Later on today, the Earth will experience a Total Solar Eclipse. This means that for a short period of time, the moon will completely cover the sun. This is an event that occurs every one to three years but the 2024 total solar eclipse is a little more special.
Speaking in a recent YouTube video, science educator Hank Green said: “most of the time that there is a total solar eclipse, it’s just over the ocean and no-one is there to see it.
“This one is over land, over a lot of large cities and a lot of people are going to see it.”
For those who will be travelling to see the eclipse or happen to live in the path of it, NASA said: ” The sky will darken, as if it were dawn or dusk. Weather permitting, people in the path of a total solar eclipse can see the Sun’s corona, the outer atmosphere, which is otherwise usually obscured by the bright face of the Sun.”
Who will be able to see the total solar eclipse?

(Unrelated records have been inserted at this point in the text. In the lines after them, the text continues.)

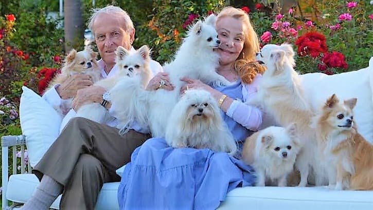 La Princesa junto a su actual esposo John Aston y a su custodia personal, los innumerables perros que tiene la pareja. Una manada de amor y cariño incondicional.
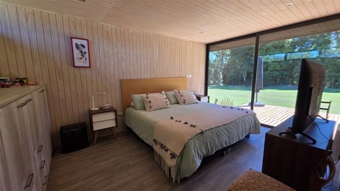 En una mágica parcela entre árboles centenarios, arroyos y praderas, se emplaza esta exclusiva casa que cuenta con 202 m2 en bello jardín de 10.500 m2 aprox. y que tiene la siguiente distribución: Chiflonera de acceso, amplio living y comedor con salida a la terraza y vista plena al bosque interior que hace de telón de fondo, funcional cocina cómo concepto de espacios abiertos, gran logia y despensa, además dispone de un recinto para gimnasio o sala de juegos. En la zona privada 2 cómodos dormitorios cada uno con su baño completo,y el gran dormitorio principal en suite con walking closet, y home office. Todos los dormitorios salen a la galería tipo terraza.
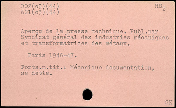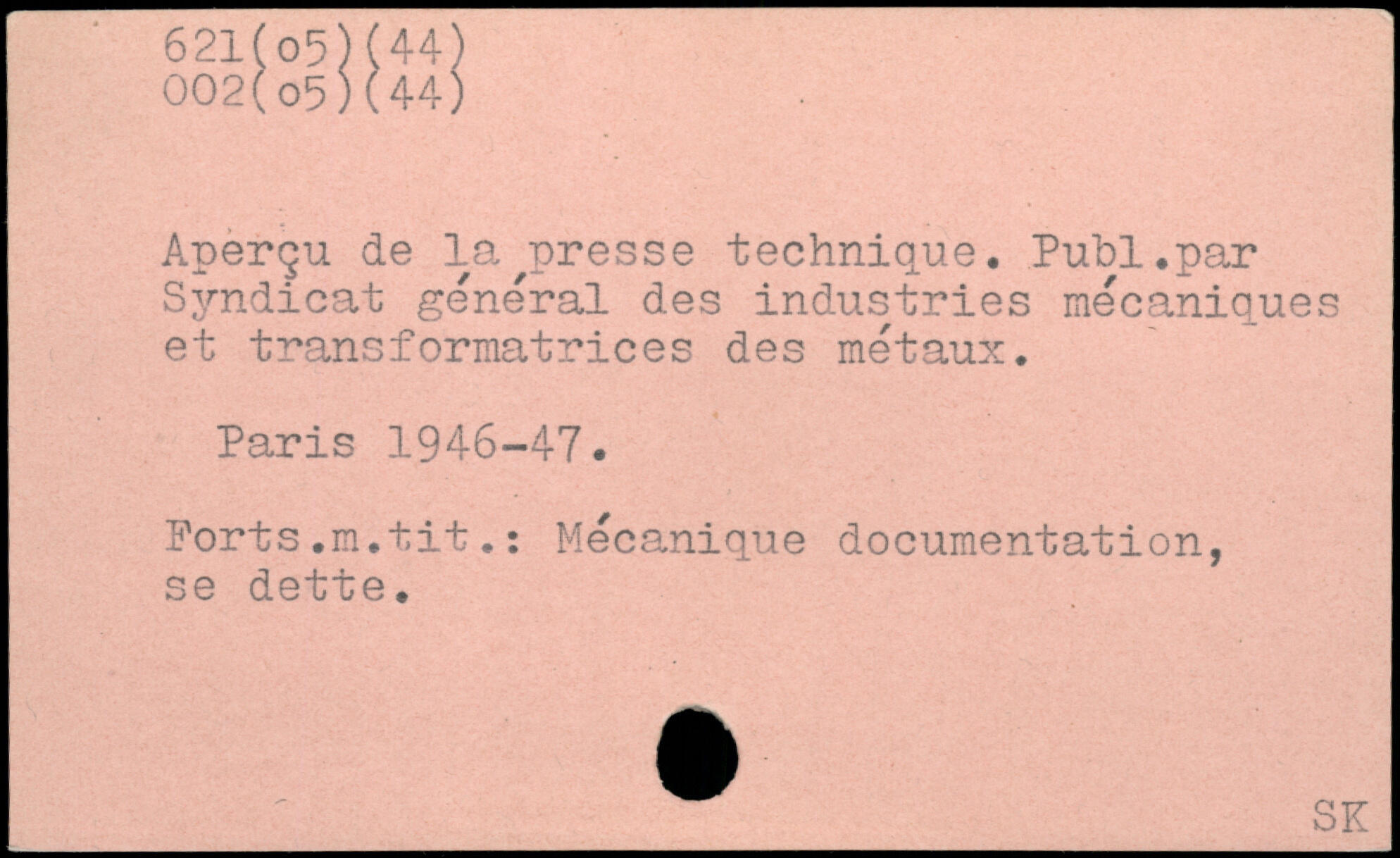 Aperçu de la ^presse technique. Publ.par Syndicat général des industries mécaniques et transformatrices des métaux.
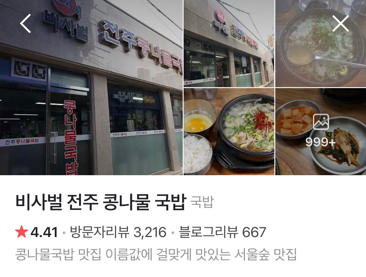 비사벌콩나물국밥은 내가 성수에서 꼽는 최고맛집 다섯곳 중 하나이다. 나누리배 성수 최고맛집 다섯곳은 23년 겨울 현 시점 비사벌, 훼미리, 백리향, 행칼, 술래가 있다. 1)혼밥의 자유도, 2)느긋하게 신문읽기 편안한 테이블회전도, 3)맛의 일관성의 기준으로 선정되었다.
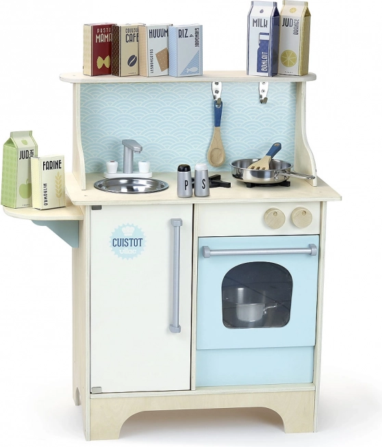 Questa cucina in legno blu VILAC Cuistot trasforma ogni cameretta in un piccolo studio di cucina. I bambini ameranno i dettagli realistici, come il fornello con manopole cliccabili, il lavello e il forno, e si divertiranno per ore con un set di accessori ricco e creativo.

While there will be parts of the northern hemisphere that will experience this eclipse, it’s mostly going to be passing over Mexico, the United States, and Canada, according to NASA.
The total solar eclipse will begin over the South Pacific Ocean. Weather permitting, the first location in continental North America that will experience totality is Mexico’s Pacific coast. Following this, it will pass through: Texas, and travel through Oklahoma, Arkansas, Missouri, Illinois, Kentucky, Indiana, Ohio, Pennsylvania, New York, Vermont, New Hampshire, and Maine.
Additionally, according to NASA, small parts of Tennessee and Michigan will also experience the total solar eclipse.
Eventually, the eclipse will enter Canada in Southern Ontario, and continue through Quebec, New Brunswick, Prince Edward Island, and Cape Breton. The eclipse will exit continental North America on the Atlantic coast of Newfoundland, Canada.
An incredible number of densely-populated cities.
What time does the total solar eclipse happen in the UK?
For the UK, according to the BBC, this path goes across some of England: “if you draw a line from about Fowey in Cornwall to Berwick upon Tweed in Northumberland, then everything west of that line might just get a view of the Moon biting the edge of the Sun as it disappears over the horizon.”
However, if it’s too cloudy or you don’t fall into this radius, you can watch it as it happens on the BBC website livestream.
According to the BBC: “It should be possible to catch a partial eclipse from western parts of the UK just before sunset – weather allowing.”
Why can’t you look directly at an eclipse?
As tempting as this may be — understandably, it’s an eclipse! —, you should not look directly at an eclipse without wearing special eclipse glasses which are very different to sunglasses.
According to Green: “During an eclipse, especially in the latter parts of an eclipse, it’s going to feel like you can look at the sun because it’s going to be way less bright and you’re going to want to!”
However, he warned, even a momentary glimpse can be extremely dangerous: “If you stare at [the eclipse] for just a little too long, you will burn your retina, you will have to go to the doctor, you may never get your vision all the way back.”
Noted. Will stick to the livestream.